* Required action
For the lines from the one with "做法: 1.五花肉、红萝卜、" to the end of the listing below, both ends included, give an exact copy and nothing more. Do not copy pictures.

* Records provided
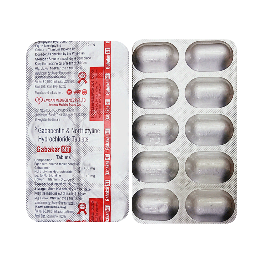 Gabakar NT Tablet is a combination of two medicines: Gabapentin and Nortriptyline. Gabapentin is an alpha 2 delta ligand which decreases the pain by modulating calcium channel activity of the nerve cells. Nortriptyline is a tricyclic antidepressant which increases the levels of chemical messengers (serotonin and noradrenaline) that stop the movement of pain signals in the brain. Together, they relieve neuropathic pain (pain from damaged nerves).
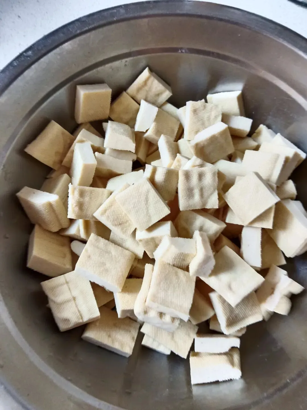 做法: 1.五花肉、红萝卜、豆腐干均切成大小相等的丁,花生米、黄豆(或青豆)用温水泡发两个小时以上,备用。
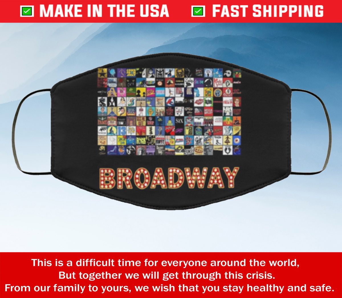 Broadway Musical Theater Logo Hand Drawn Filter Face Mask
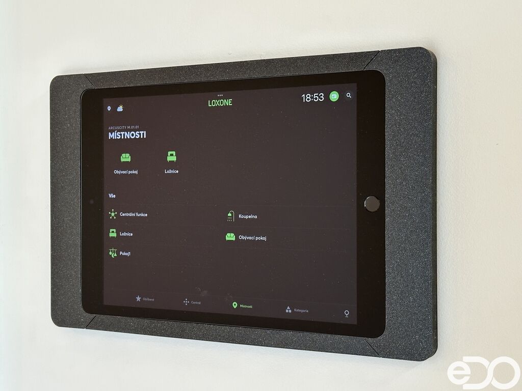 Byt dále disponuje moderním smart home systémem Loxone, který umožňuje mimo jiné inteligentní ovládání venkovních žaluzií, regulaci vytápění a chlazení v každé místnosti či monitorování spotřeby vody a energie.
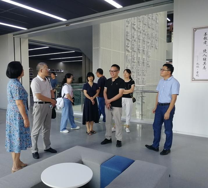 9月16日下午,图书馆并基建处一行人员在馆长谢冬冰的带领下前往江苏第二师范学院图书馆开展智慧图书馆建设专题调研活动。在座谈交流会上,二师院图书馆施雁冰馆长主要介绍了该校图书馆历史沿革、馆舍分布、文献资源存藏、阅读推广活动、信息参考咨询以及当前新馆建设与开展智慧型服务情况。谢冬冰馆长则围绕开放大学智慧图书馆方案对接注意事项、智慧图书馆建设预算、设计方案编修、读书节品牌文化活动以及图书馆优化教学科研服务支持等具体问题,与二师范图书馆推广培训部、资源建设部馆员老师进行了交流和探讨。

* Result of this task
 做法: 1.五花肉、红萝卜、豆腐干均切成大小相等的丁,花生米、黄豆(或青豆)用温水泡发两个小时以上,备用。
 Broadway Musical Theater Logo Hand Drawn Filter Face Mask
 Byt dále disponuje moderním smart home systémem Loxone, který umožňuje mimo jiné inteligentní ovládání venkovních žaluzií, regulaci vytápění a chlazení v každé místnosti či monitorování spotřeby vody a energie.
 9月16日下午,图书馆并基建处一行人员在馆长谢冬冰的带领下前往江苏第二师范学院图书馆开展智慧图书馆建设专题调研活动。在座谈交流会上,二师院图书馆施雁冰馆长主要介绍了该校图书馆历史沿革、馆舍分布、文献资源存藏、阅读推广活动、信息参考咨询以及当前新馆建设与开展智慧型服务情况。谢冬冰馆长则围绕开放大学智慧图书馆方案对接注意事项、智慧图书馆建设预算、设计方案编修、读书节品牌文化活动以及图书馆优化教学科研服务支持等具体问题,与二师范图书馆推广培训部、资源建设部馆员老师进行了交流和探讨。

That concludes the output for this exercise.